RECORDED DATA:
>>>>>

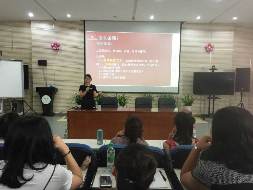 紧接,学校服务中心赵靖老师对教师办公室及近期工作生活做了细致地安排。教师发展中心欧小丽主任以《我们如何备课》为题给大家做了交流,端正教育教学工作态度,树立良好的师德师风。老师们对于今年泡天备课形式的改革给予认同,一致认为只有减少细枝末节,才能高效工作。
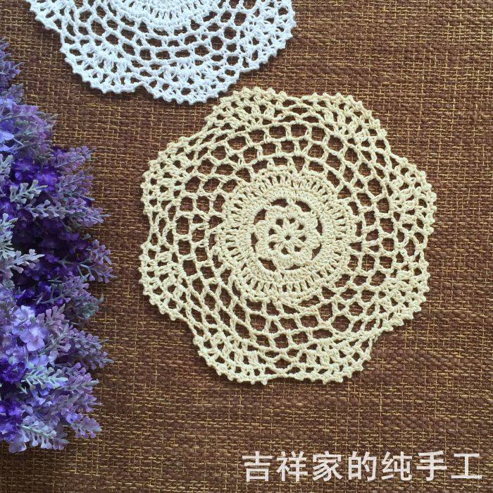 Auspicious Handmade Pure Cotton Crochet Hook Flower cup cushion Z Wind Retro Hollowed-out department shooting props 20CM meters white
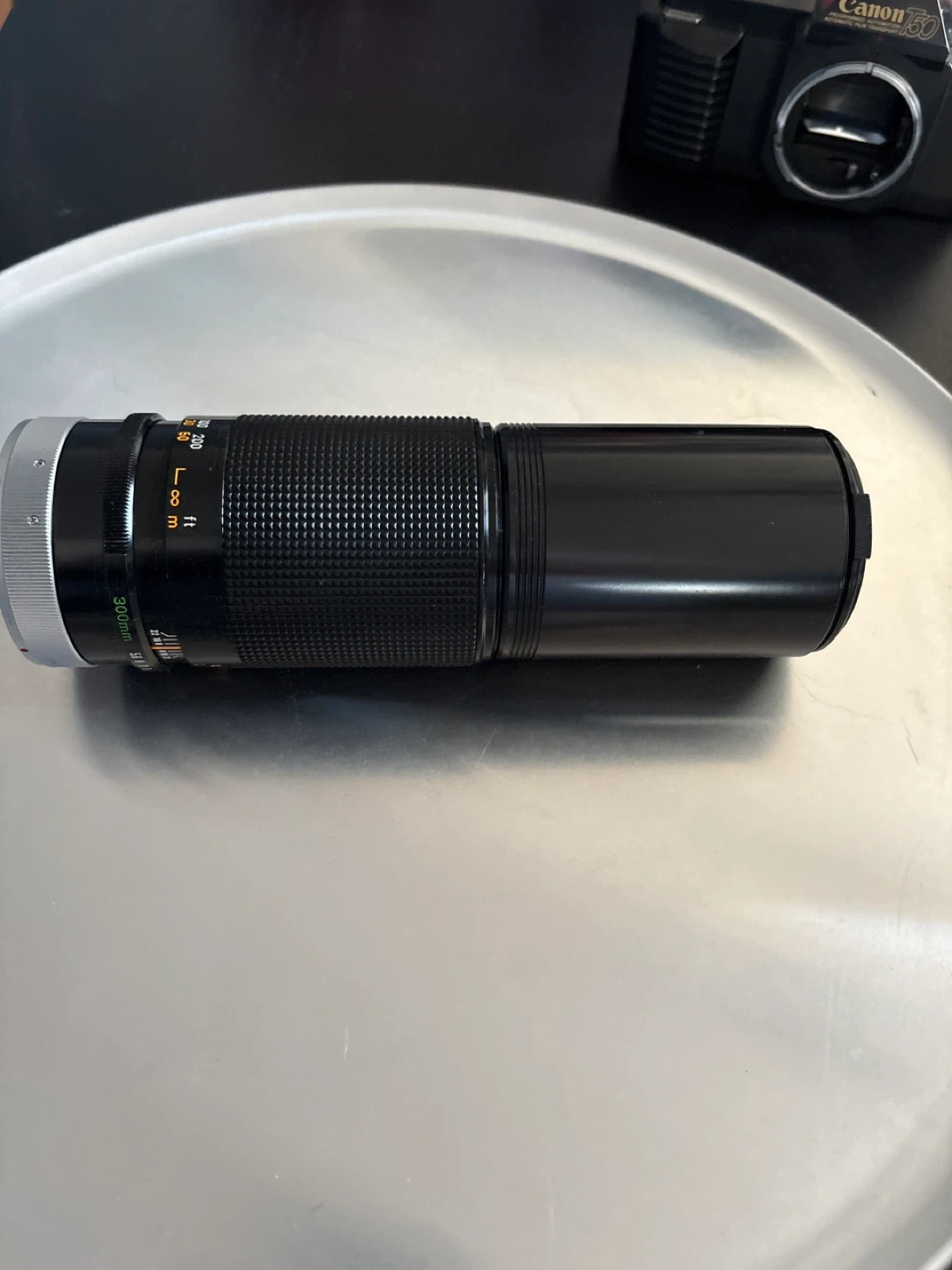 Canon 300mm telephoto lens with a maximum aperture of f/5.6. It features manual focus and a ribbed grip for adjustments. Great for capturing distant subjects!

<<<<<

YOUR TASK: Pictures are to be left out; repeat all the remaining data exactly.

REPLY:
 紧接,学校服务中心赵靖老师对教师办公室及近期工作生活做了细致地安排。教师发展中心欧小丽主任以《我们如何备课》为题给大家做了交流,端正教育教学工作态度,树立良好的师德师风。老师们对于今年泡天备课形式的改革给予认同,一致认为只有减少细枝末节,才能高效工作。
 Auspicious Handmade Pure Cotton Crochet Hook Flower cup cushion Z Wind Retro Hollowed-out department shooting props 20CM meters white
 Canon 300mm telephoto lens with a maximum aperture of f/5.6. It features manual focus and a ribbed grip for adjustments. Great for capturing distant subjects!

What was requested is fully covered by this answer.